I have waited so long to hear those words. My kids eating and loving salad--I wasn't sure I'd see the day. I thought, they'd never eat raw veggies, in a salad, no less. I had made so many textbook mistakes along the way: introducing fruit based-baby food before veggies, serving exclusively cooked veggies instead of raw ones, giving up on finding tasty salad dressings and dips free of nuts, eggs, and dairy for my food allergic children.
Their newfound love for salad comes in the midst of what seems like a constant barrage of new findings that have induced severe pangs of guilt among parents of small children everywhere (particularly FA moms), such as the connection between triclosan in antibacterial soaps contributing to food allergies, the detriments of feeding soy to young children, the hazards of buying produce that isn't organically grown...the list goes on and on. And although most of these studies may still be in research stages, there are varying degrees of merit to each of them. You start checking dangerous foods off your list, minus the food allergies, and what are we left with?
Before we declare defeat, we remember that a balanced diet is what it says it is--a balance, or a variety of foods, to maintain a healthful diet. No matter how they may alter the food pyramid into something virtually unrecognizable (it's now a plate, by the way), fruits and veggies remain at the top of the list.
And that is why I am so grateful for salad. It is very possible that salad will remain a staple in the diet of my food allergic children, as adolescents, teens, college students (one can hope), and adults. And that would be great, because they're easy to make, easy to tailor to one's tastes and food restrictions, and always in season.
So without further ado, a few tips about how to introduce and yes, get your kids to love eating salad:
1. Perseverance and patience. As skeptical (and I was the biggest skeptic of all) as you might be, try try and try again. You do this when you're introducing food to an infant, you just get a little less optimistic and headstrong as they become picky toddlers.

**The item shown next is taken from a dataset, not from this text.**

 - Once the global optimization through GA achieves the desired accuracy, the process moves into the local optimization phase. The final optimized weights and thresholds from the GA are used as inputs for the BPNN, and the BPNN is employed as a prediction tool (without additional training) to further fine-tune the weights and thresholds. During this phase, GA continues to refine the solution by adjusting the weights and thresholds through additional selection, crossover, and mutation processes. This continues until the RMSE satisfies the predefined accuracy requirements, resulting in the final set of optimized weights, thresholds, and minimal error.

My mom has almost always served a green salad as a side for Sunday night dinners, and after weeks and weeks (and weeks!) of refusing salad, they now ask for salad on a regular basis. It started with one tomato, then a few, then many, then a piece of lettuce to go with the tomatoes, and so on.
2. Stick with the familiar, at first. Create first salads using a few well-loved ingredients, and cook or par-cook or grill some of the veggies if they're accustomed to them that way. Slowly introduce favorite cooked veggies raw, and new veggies and other ingredients that may be less familiar. When introducing a new ingredient, place in on the side in a bowl so kids have the option to taste test it before adding it to their salad, and can control its portion before adding it to their plates.

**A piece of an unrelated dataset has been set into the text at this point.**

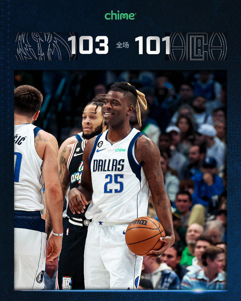 唯彩看球讯 NBA常规赛,达拉斯独行侠队拿到连胜。东契奇得到35分、11个篮板和5次助攻,史密斯得到21分,他们率队在挥霍了25分领先后重新领跑,独行侠队在主场以103-101险胜洛杉矶快船队,独行侠队拿到2连胜。

|Healthful salads can be customized to accommodate food allergies and picky eaters.|
4. Create a salad bar. Give each ingredient its own bowl or plate and allow the whole family to personalize their salads. Because of cross contamination often found in restaurant salad bars, this could be a unique opportunity for our food allergic children.

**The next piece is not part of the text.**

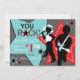 Partynågot liknande en rockstjärna! Aqua och röda stjärnor på grå färgbakgrund med pojken som sjunger och leker gitarrrockstjärnan, tackar dig att card.

5. Have an assortment of allergy-safe dressings for your children to choose from. The children hosted a salad dressing pop poll tonight at the dinner table, and were tickled to see which dressing each family member liked and disliked. I especially like a few of the Brianna's Homestyle Dressings, like their Rich Poppy Seed and Saucy Ginger Mandarin. For you DIY types, pick up a salad dressing bottle with recipe measurements inscribed on the outside--like the Kolder Salad Dressing Bottle--making shaking, serving, storing, and clean-up a breeze.
6. Start with the more kid-friendly leafy greens. Baby spinach, butter lettuce, and romaine lettuce are all good choices--they've got good crunch, but are easy to chew and on the sweeter end of the spectrum.
7. Keep a few more "exotic" ingredients on hand for salad nights. I add tortilla strips and bacon bits to salads to help entice little ones. Irene added quinoa, edamame, dried cranberries, and pumpkin seeds to her Greens and Quinoa Salad. Think pomegranate seeds, bosc pears, sliced strawberries, artichoke hearts, olives, and heirloom tomatoes. You'll be surprised what your kids gravitate to, and they'll be even more surprised!
Add salad nights to your weekly dinner repertoire! Enjoy!